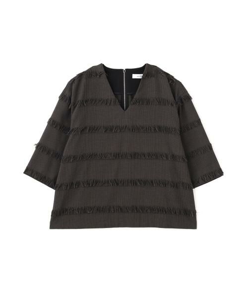 特殊なジャカード素材で仕立てたフリンジチェックブラウス
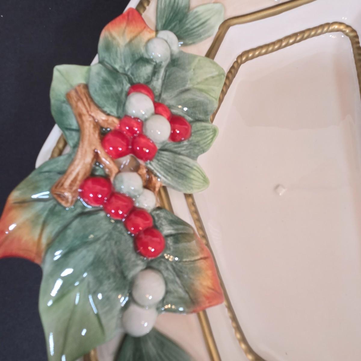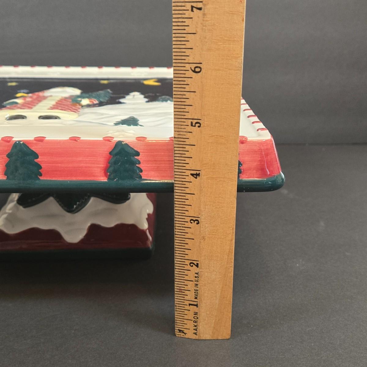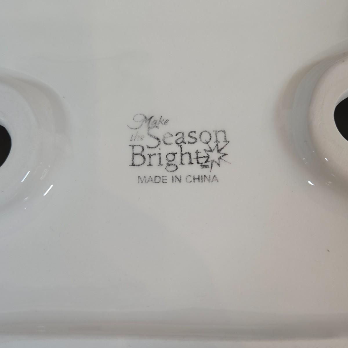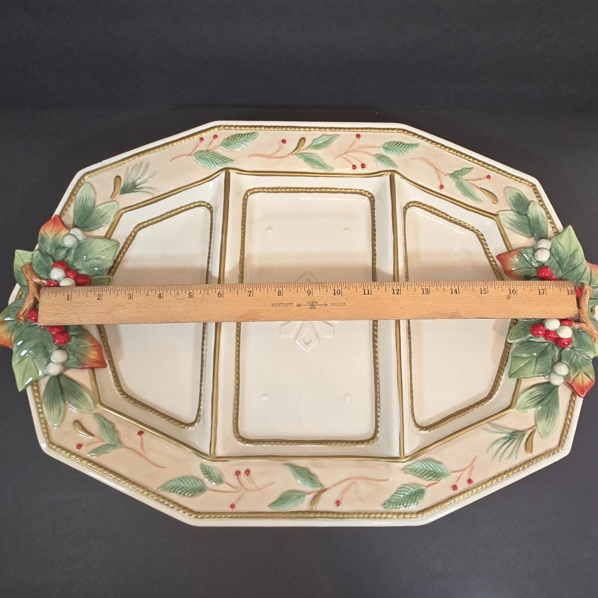 LOT 12D: Fitz and Floyd Divided Serving Platter, Make the Season Bright Cake Stand, and 2 Fitz and Floyd Musicals
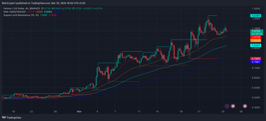 Når man undersøger 4-timers-diagrammet for FTM-pris, tegner de eksponentielle glidende gennemsnit (EMA’er) et bullish billede. Vi ser en tydelig lagdelingseffekt, hvor de kortsigtede EMA’er er placeret over de langsigtede.
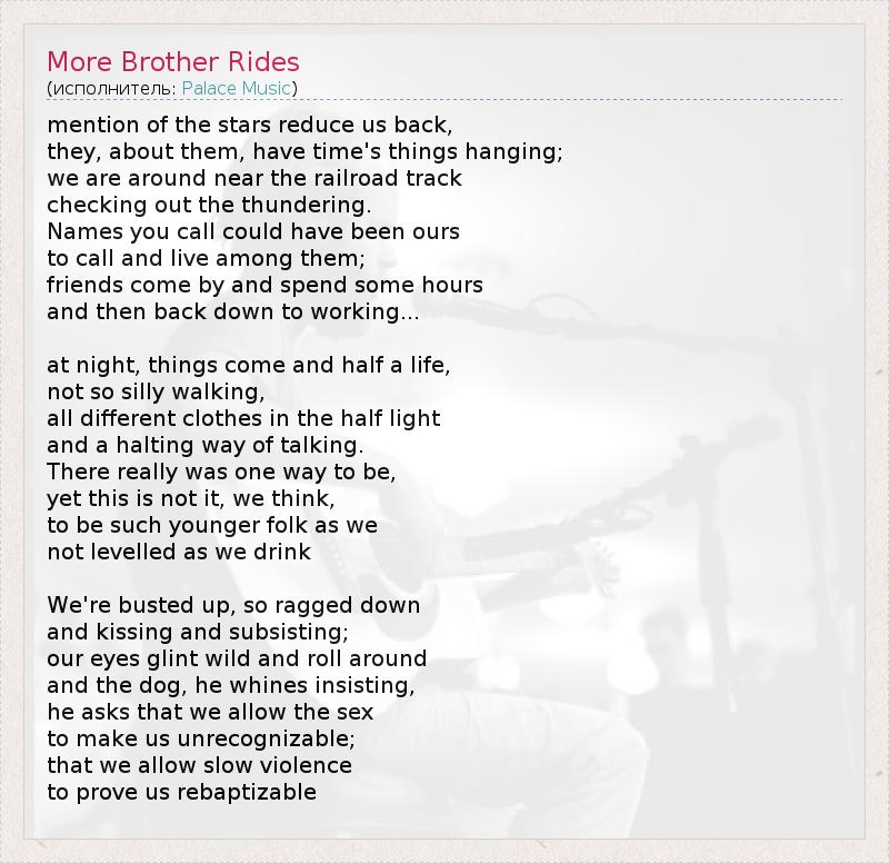 А как ты думаешь, о чем песня "More Brother Rides" ?
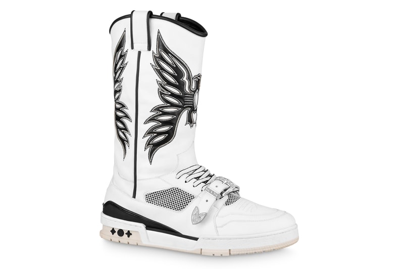 Coming in “Black/White,” the unique footwear designed by Virgil Abloh places LV 408 Trainer tooling under a phoenix marked cowboy boot upper accented by a vamp strap. The hi-top version of the luxury fashion house’s current flagship sneaker is crafted from extremely supple calf leather and embroidered with a distinctive motif on the sides. According to LV, each pair is made in Italy and requires seven hours of stitching to complete. Aside from the Louis Vuitton script signature at the rear, Monogram Flowers mark the gel-injected sole unit.
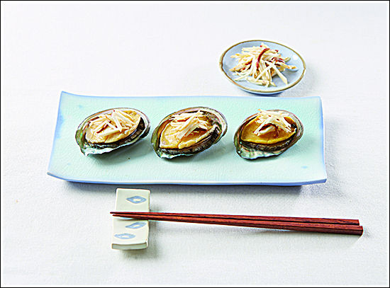5. 찜기에 전복을 얹어 중간 불로 5분간 찐다.
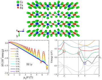 近年来发现的大部分拓扑材料都具有二维或三维的结构特征,具有准一维结构的拓扑材料很少见。作者通过自助溶剂法成功合成了具有准一维链状结构的TaPdTe5单晶,TaPdTe5不仅是首次被发现的新材料,而且实验上作者通过Shubnikov de Haas(SdH)和De Haas-van Alphen(DhvA)震荡证实了它是一种拓扑Dirac半金属,考虑到结构低维性带来的独特性质,其中的拓扑本质引人关注。上述研究得到了国家自然科学基金面上项目、浙江省自然科学基金一般项目,以及国家重点研发计划的资助。焦文鹤副教授是该论文的第一作者和通讯作者,我校91HUB
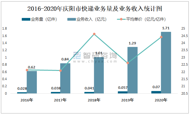根據(jù)各省市郵政局?jǐn)?shù)據(jù)可知:2021年7月慶陽市快遞業(yè)務(wù)量為76.9萬件,業(yè)務(wù)收入為1891.38萬元;2021年1-7月慶陽市快遞累計(jì)業(yè)務(wù)量為493.21萬件,同比增長(zhǎng)59.54%,累計(jì)業(yè)務(wù)收入為12896.16萬元,同比增長(zhǎng)69.24%;2016-2020年慶陽市快遞業(yè)務(wù)量與業(yè)務(wù)收入均逐年遞增,平均單價(jià)2018年達(dá)到最大值,此后有所下降。
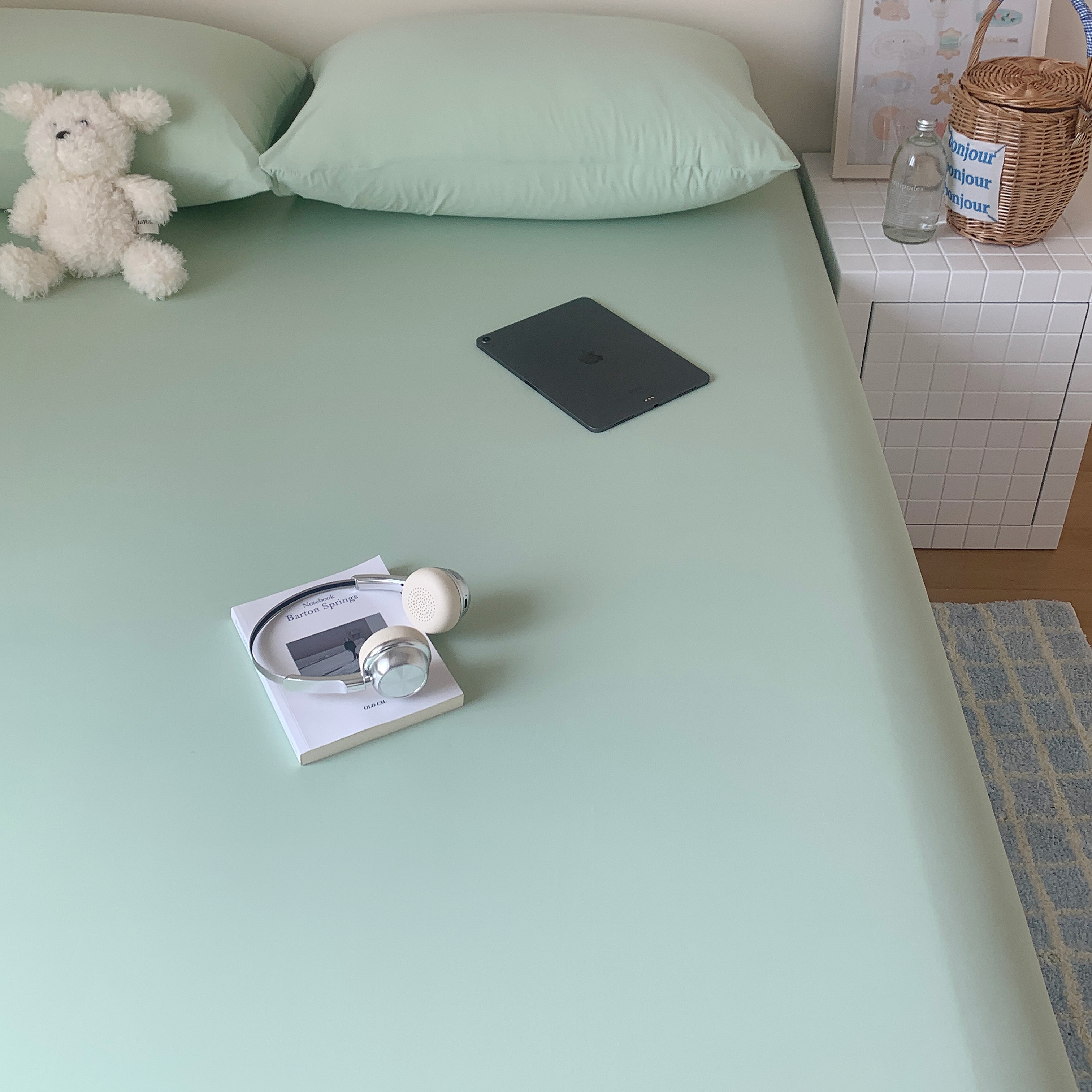 (总)桃喜 2026新款2026新款纯色165gA类锦氨凉感冰皮床笠单品床笠有凉感值检测报告,草绿,蜜桃粉,木槿紫,奶茶咖,奶昔黄,深睡蓝,炭灰色,天空蓝
────────
> [Task brief] Every entry should be returned exactly as written, minus the pictures.

> [Result]
 特殊なジャカード素材で仕立てたフリンジチェックブラウス
 LOT 12D: Fitz and Floyd Divided Serving Platter, Make the Season Bright Cake Stand, and 2 Fitz and Floyd Musicals
 Når man undersøger 4-timers-diagrammet for FTM-pris, tegner de eksponentielle glidende gennemsnit (EMA’er) et bullish billede. Vi ser en tydelig lagdelingseffekt, hvor de kortsigtede EMA’er er placeret over de langsigtede.
 А как ты думаешь, о чем песня "More Brother Rides" ?
 Coming in “Black/White,” the unique footwear designed by Virgil Abloh places LV 408 Trainer tooling under a phoenix marked cowboy boot upper accented by a vamp strap. The hi-top version of the luxury fashion house’s current flagship sneaker is crafted from extremely supple calf leather and embroidered with a distinctive motif on the sides. According to LV, each pair is made in Italy and requires seven hours of stitching to complete. Aside from the Louis Vuitton script signature at the rear, Monogram Flowers mark the gel-injected sole unit.
5. 찜기에 전복을 얹어 중간 불로 5분간 찐다.
 近年来发现的大部分拓扑材料都具有二维或三维的结构特征,具有准一维结构的拓扑材料很少见。作者通过自助溶剂法成功合成了具有准一维链状结构的TaPdTe5单晶,TaPdTe5不仅是首次被发现的新材料,而且实验上作者通过Shubnikov de Haas(SdH)和De Haas-van Alphen(DhvA)震荡证实了它是一种拓扑Dirac半金属,考虑到结构低维性带来的独特性质,其中的拓扑本质引人关注。上述研究得到了国家自然科学基金面上项目、浙江省自然科学基金一般项目,以及国家重点研发计划的资助。焦文鹤副教授是该论文的第一作者和通讯作者,我校91HUB
根據(jù)各省市郵政局?jǐn)?shù)據(jù)可知:2021年7月慶陽市快遞業(yè)務(wù)量為76.9萬件,業(yè)務(wù)收入為1891.38萬元;2021年1-7月慶陽市快遞累計(jì)業(yè)務(wù)量為493.21萬件,同比增長(zhǎng)59.54%,累計(jì)業(yè)務(wù)收入為12896.16萬元,同比增長(zhǎng)69.24%;2016-2020年慶陽市快遞業(yè)務(wù)量與業(yè)務(wù)收入均逐年遞增,平均單價(jià)2018年達(dá)到最大值,此后有所下降。
 (总)桃喜 2026新款2026新款纯色165gA类锦氨凉感冰皮床笠单品床笠有凉感值检测报告,草绿,蜜桃粉,木槿紫,奶茶咖,奶昔黄,深睡蓝,炭灰色,天空蓝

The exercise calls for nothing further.